2.1 L’utilisation du flux optique pour guider la marche

Gibson (1958) fut le premier à proposer que la réflexion de la lumière sur les objets dans le champ de vision d’un individu pouvait fournir l’information visuelle requise pour le guider lorsqu’il se déplace dans un environnement. En particulier, les changements et variations radiales de ces réflexions, constituant ce que Gibson dénommait le flux optique, permettraient de distinguer l’approche d’un objet vers l’individu, ou vice-versa (Gibson 1958). Le patron de flux optique génère, à la surface de la rétine du sujet, un foyer d’expansion dans la direction du déplacement. Gibson a donc proposé qu’une personne peut se diriger dans l’espace en maintenant son objectif dans le foyer d’expansion (voir revue : Gibson 1968). De plus, il suggère que l’interaction avec l’environnement s’effectue grâce à l’intégration de deux types d’informations visuelles : l’information extéroceptive, qui définit les caractéristiques physiques des objets (taille, formes, textures de surface), et l’information exproprioceptive, qui désigne la position ou l’orientation du corps par rapport à l’environnement.

Plusieurs expériences subséquentes effectuées chez l’animal et chez l’homme ont analysé l’importance du flux optique pendant la locomotion. Par exemple, les études de Warren et ses collègues ont méticuleusement examiné l’influence du flux visuel sur la

locomotion chez l’humain, grâce à des protocoles utilisant des représentations virtuelles de l’environnement (Warren 1998; Warren et al 1988, 2001). Dans une première série d’expériences, ils ont tenté d’établir si la perception de direction du déplacement était influencée par une modulation contrôlée du flux optique. Ils ont demandé à leurs sujets, lorsque placés dans une position statique, d’indiquer si une simulation de flux optique, constituée de nombreux vecteurs dirigés vers l’horizon d’un plan visuel, leur permettait de distinguer s’ils se dirigeaient parallèlement, vers la droite/gauche, ou même directement vers le plan de surface (Warren et al 1988). Une grande majorité des sujets pouvait détecter une direction de déplacement le long du flux simulé. Par contre, lorsque le nombre de points mobiles constituant le flux optique était diminué, la sensation de déplacement était rapidement réduite. Les auteurs ont donc conclu, en accord avec Gibson (1958), que le champ visuel généré par le flux optique est essentiel pour déterminer la direction de déplacement du sujet (voir revue : Warren 1998).
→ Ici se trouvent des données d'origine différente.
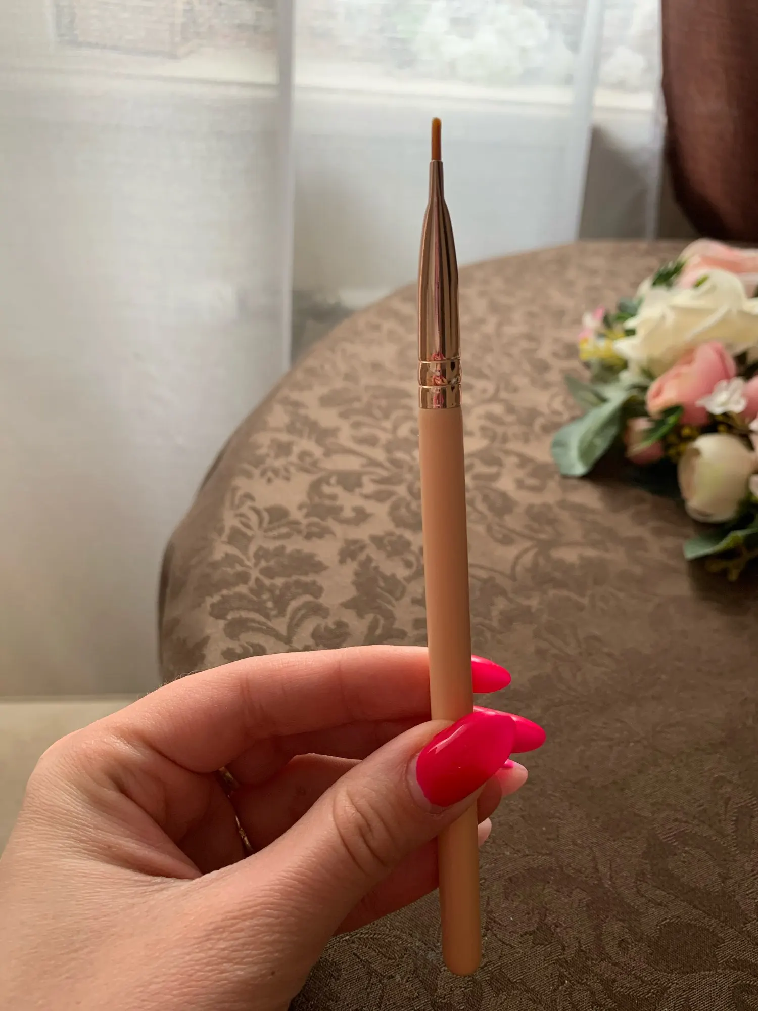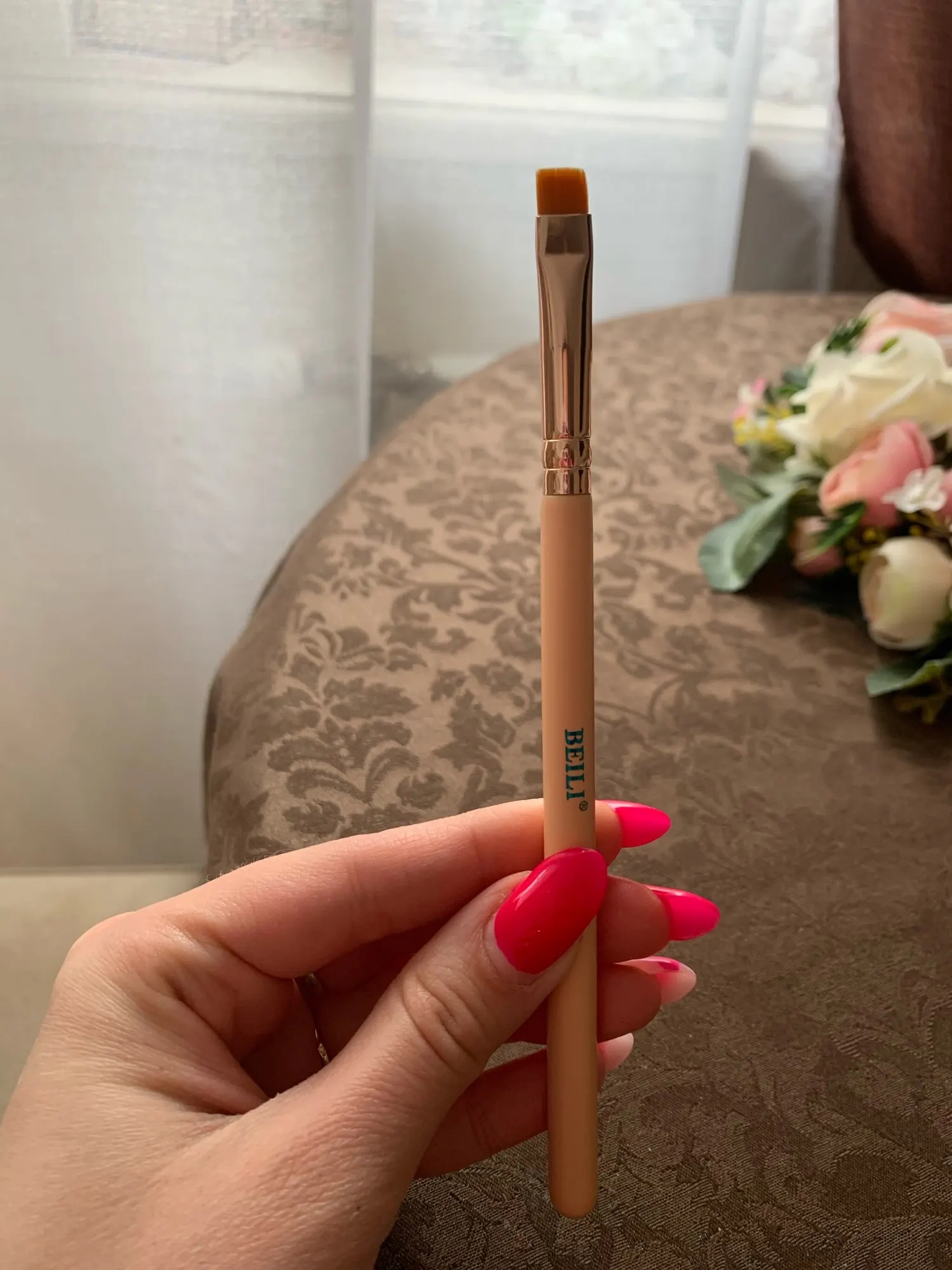 BEILI-brocha de maquillaje rosa, corrector preciso pequeño para sombra de ojos, contorno de ojos, pelo sintético de cabra, rosa y dorado
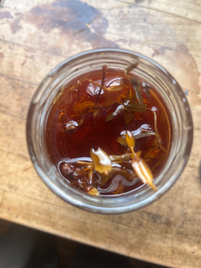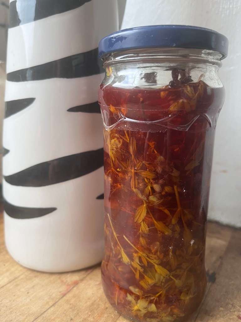 I’ve made a new batch of St John’s Wort Oil ready to turn into salves this weekend. It took 2 weeks of sunlight to infuse this oil to a deep red – this is the hypercin extracted from flowering St John’s Wort tops.

Leurs expériences suivantes ont ensuite appliqué ces observations à un protocole permettant à leurs sujets de se déplacer librement vers une cible dans un environnement artificiel, tout en contrôlant les qualités saillantes du flux optique disponible (Warren et al 2001). Ils ont observé que lorsque l’environnement contenait suffisamment d’indices visuels dirigés dans le plan de la cible, créant ainsi une bonne représentation du flux optique, les sujets étaient capables de se positionner et de se déplacer vers la cible rapidement avec peu d’erreurs de direction. De plus, lorsque la direction de déplacement virtuelle était biaisée par rapport à la direction de déplacement réelle des sujets, ils étaient capables de compenser et éventuellement d’adapter leur démarche, tant que la représentation du flux visuel était suffisamment proéminente (Bruggeman et al 2007). Finalement, le flux optique avait aussi un effet sur la vitesse de la locomotion (Mohler et al 2007; Prokop et al 1997) et sur la posture du sujet pendant le mouvement (Bardy et al 1996; Lee 1980). Tous ces résultats confirment donc que le flux optique est important pour le contrôle en direct de la locomotion, mais qu’il est aussi indispensable pour permettre à un individu d’adapter leur trajectoire et de moduler leur déplacement en fonction des variabilités de l’environnement.

Toutefois, Warren et al ont aussi observé que lorsque la scène artificielle était dépourvue des indices visuels simulant le flux optique, les sujets tendaient à prendre un

chemin moins direct pour atteindre la cible, mais ils pouvaient tout de même se centrer correctement dans la direction voulue (Warren et al 2001). Cette distinction suggère que lorsque le flux optique n’est pas disponible ou est insuffisant, le sujet doit utiliser la position perçue de son propre corps par rapport à la cible afin de se diriger vers celle-ci. Ce concept, nommé direction égocentrique, semble donc aussi être important afin d’orienter la locomotion. En effet, plusieurs expériences ont étudié ce phénomène à l’aide de prismes qui déplaçaient la position perçue de la cible ainsi que le foyer d’expansion pendant la locomotion (Harris et Bonas 2002; Harris et Rogers 1999; Rushton et al 1998). Ces travaux ont observé que les directions de déplacement utilisées par leurs sujets ne différaient pas de façon significative lorsque les indices visuels de flux optique variaient. Les auteurs ont donc proposé que, étant donné qu’un individu est capable de se diriger vers une cible tout en portant son regard sur un autre point de l’environnement (comme lorsque l’on observe le paysage en se promenant sur une route), il serait possible de suggérer que la position perçue du corps, et non pas le foyer d’expansion générant le flux optique, serait le facteur dominant pour guider la locomotion (Rushton 2008; Wann et Land 2000). Même si la théorie de direction égocentrique n’est pas entièrement acceptée par ses opposants (Fajen et Warren 2000), un consensus émergeant propose que l’utilisation principale du flux optique ou de la direction égocentrique dépendrait des caractéristiques de l’environnement et des circonstances spécifiques rencontrées par le sujet (Assaiante et al 1989; Bruggeman et al 2007).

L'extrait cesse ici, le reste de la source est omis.